Covid, cancer, climate disruption, political power games, celebrity distractions, family conflicts, personal fears, secrets and anxieties, desperations to be in control . . . Some days it all seems too much. I close my door, pull the drapes, and hang a quickly scribbled sign in the window. It says, “Gone Sailing”.
I sail the ocean of suchness
in a boat of explanation.
a thin shell of crafted wood, metal, and transformed oil.
Growing from this shell
like a tree reaching for the sky is the mast,
an anchor of upright self in the shifting winds of otherness.
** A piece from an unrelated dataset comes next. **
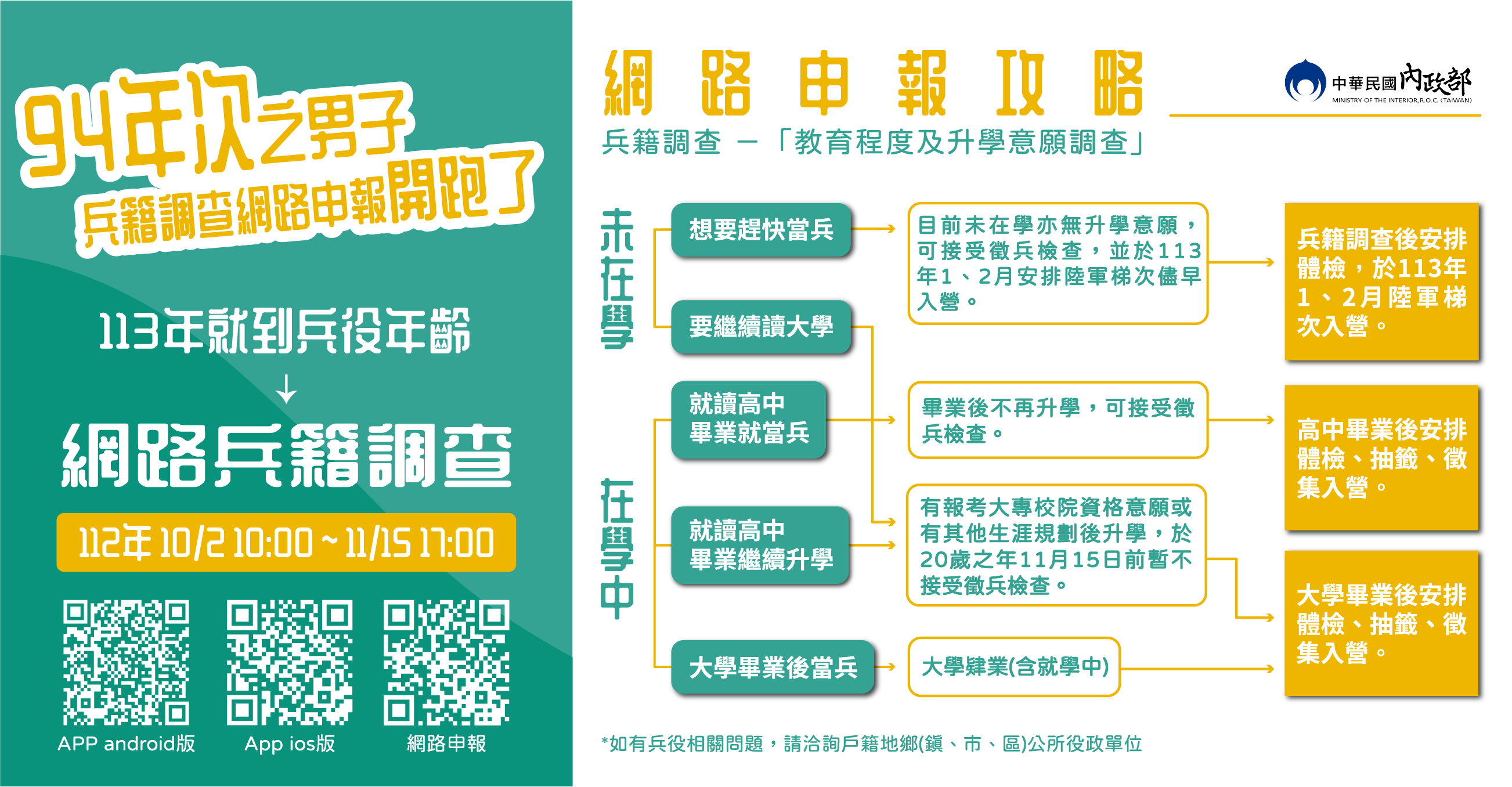 內政部「94年次徵兵及齡男子兵籍調查線上申報作業」
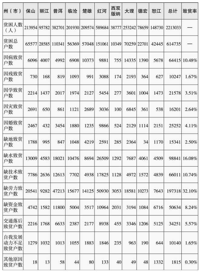 比如,因疾病导致滇西边境山区10个州(市)的贫困户数是64415户,而所列的13项原因导致滇西边境山区10个州(市)的贫困户一共是614735户。那么。因病致贫率=(64415/614735)×100%=10.84%。于是,滇西边境山区因病致贫率是10.84%、因残致贫率是1.67%、因学致贫率是3.51%、因灾害致贫率是2.64%、因婚姻致贫率是4.14%,因缺少土地致贫率是2.50%、因缺水致贫率是16.08%、因缺技术致贫率是10.74%、因缺劳动力致贫率是32.10%、因缺资金致贫率是8.24%、因交通落后致贫率是5.57%、因自我发展能力不足致贫率是1.65%、其他原因致贫率是0.30%。

The higher the mast, the greater the conceit
but what a view!
The thin sails of assumption and cultivated belief catch the wind
and I think that I in my boat, am going somewhere,
or so it seems and feels.
Scanning the horizon, I look for evidence of fellow sailors.
I focus lenses,
soften my gaze,
and survey in a gently aimless way,
I realise the ocean is cloaked with,
and in fact, composed of – boats
large and small,
macro and micro,
sailings of suchness;
masts bobbing to and fro.
Everywhere I look,
this is what I see;
countless watchful sailors
waving familial greetings,
all feeling the winds,
tugging on tillers,
charting their courses
sailing this ocean of everyone’s lives.
Some toss ropes and make their vessels fast with others,
and so we become a raft,
a biosphere sailing around its star,
surveying the cosmos,
oceans of oceans,
ships within ships.
What a glorious day!
Oceans of boats
boats made of oceans
worlds inter-being with worlds.
Why should we fear getting wet?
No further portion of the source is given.